Problem >> Could the data below be printed out exactly, with the pictures left out?

Source information >>
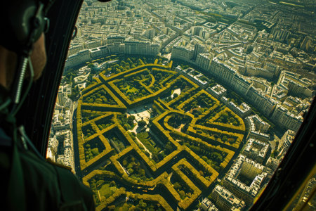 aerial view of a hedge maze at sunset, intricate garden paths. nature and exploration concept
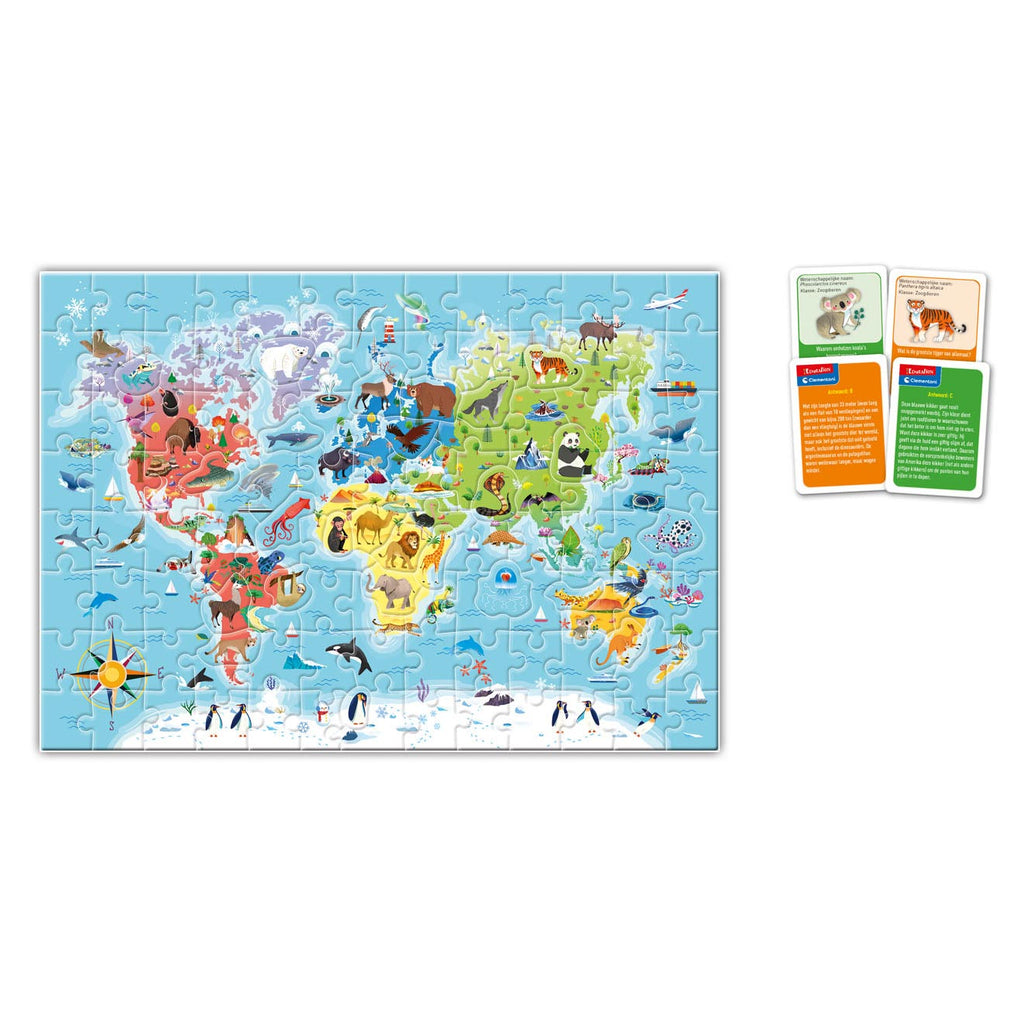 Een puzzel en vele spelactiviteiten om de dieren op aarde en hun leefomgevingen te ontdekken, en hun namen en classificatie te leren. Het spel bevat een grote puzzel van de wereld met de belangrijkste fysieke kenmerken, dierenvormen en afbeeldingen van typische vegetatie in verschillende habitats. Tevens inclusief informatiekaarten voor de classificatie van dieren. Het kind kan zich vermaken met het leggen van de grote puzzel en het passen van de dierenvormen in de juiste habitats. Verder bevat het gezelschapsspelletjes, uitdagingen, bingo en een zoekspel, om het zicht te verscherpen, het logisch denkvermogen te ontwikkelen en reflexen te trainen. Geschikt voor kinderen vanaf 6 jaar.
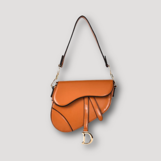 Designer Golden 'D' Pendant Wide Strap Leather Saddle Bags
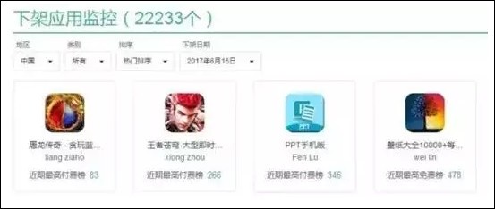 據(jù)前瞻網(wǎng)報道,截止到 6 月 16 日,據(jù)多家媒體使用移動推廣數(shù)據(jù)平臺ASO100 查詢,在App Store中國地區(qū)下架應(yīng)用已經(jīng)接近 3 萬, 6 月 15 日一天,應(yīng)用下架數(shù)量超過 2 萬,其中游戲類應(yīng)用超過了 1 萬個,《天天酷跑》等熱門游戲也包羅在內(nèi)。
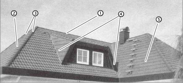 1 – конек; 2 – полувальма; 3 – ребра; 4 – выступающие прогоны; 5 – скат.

Exercise solution >>
 aerial view of a hedge maze at sunset, intricate garden paths. nature and exploration concept
 Een puzzel en vele spelactiviteiten om de dieren op aarde en hun leefomgevingen te ontdekken, en hun namen en classificatie te leren. Het spel bevat een grote puzzel van de wereld met de belangrijkste fysieke kenmerken, dierenvormen en afbeeldingen van typische vegetatie in verschillende habitats. Tevens inclusief informatiekaarten voor de classificatie van dieren. Het kind kan zich vermaken met het leggen van de grote puzzel en het passen van de dierenvormen in de juiste habitats. Verder bevat het gezelschapsspelletjes, uitdagingen, bingo en een zoekspel, om het zicht te verscherpen, het logisch denkvermogen te ontwikkelen en reflexen te trainen. Geschikt voor kinderen vanaf 6 jaar.
 Designer Golden 'D' Pendant Wide Strap Leather Saddle Bags
 據(jù)前瞻網(wǎng)報道,截止到 6 月 16 日,據(jù)多家媒體使用移動推廣數(shù)據(jù)平臺ASO100 查詢,在App Store中國地區(qū)下架應(yīng)用已經(jīng)接近 3 萬, 6 月 15 日一天,應(yīng)用下架數(shù)量超過 2 萬,其中游戲類應(yīng)用超過了 1 萬個,《天天酷跑》等熱門游戲也包羅在內(nèi)。
 1 – конек; 2 – полувальма; 3 – ребра; 4 – выступающие прогоны; 5 – скат.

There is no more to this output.